Directions for this task
Reproduce, without alteration, every line of the data; exclude the images.

Data provided
#####

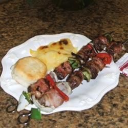 "Here's a delicious way to prepare elk: seasoned pieces of backstrap are wrapped in bacon, and grilled. This tasty meal is ready in under half an hour! I like to sprinkle the skewers with more Worcestershire sauce halfway through cooking."
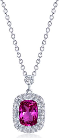 A sparkly simulated diamond halo frames a stunning lab-grown purple sapphire on this elegant necklace crafted from platinum-bonded sterling silver.
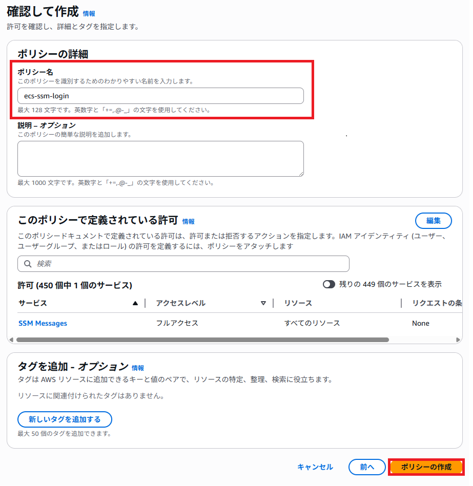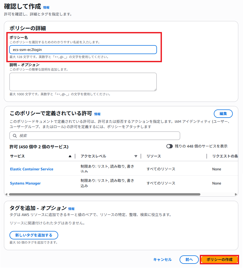 | 「ポリシーエディタ」に貼り付けてください。 こちらはECS用になります。 |
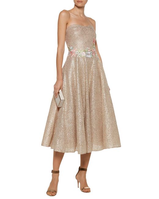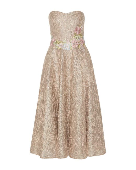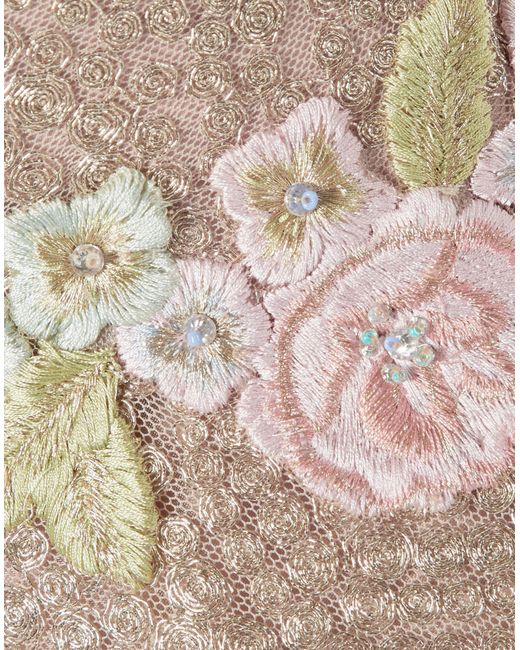 tulle, lamé, contrasting applications, embroidered detailing, solid colour, deep neckline, sleeveless, no pockets, fully lined, rear closure, zip, trapeze style. 85% Polyester, 15% Nylon, Metallic fibre. Colour: metallic

#####

Completed exercise
 "Here's a delicious way to prepare elk: seasoned pieces of backstrap are wrapped in bacon, and grilled. This tasty meal is ready in under half an hour! I like to sprinkle the skewers with more Worcestershire sauce halfway through cooking."
 A sparkly simulated diamond halo frames a stunning lab-grown purple sapphire on this elegant necklace crafted from platinum-bonded sterling silver.
 | 「ポリシーエディタ」に貼り付けてください。 こちらはECS用になります。 |
 tulle, lamé, contrasting applications, embroidered detailing, solid colour, deep neckline, sleeveless, no pockets, fully lined, rear closure, zip, trapeze style. 85% Polyester, 15% Nylon, Metallic fibre. Colour: metallic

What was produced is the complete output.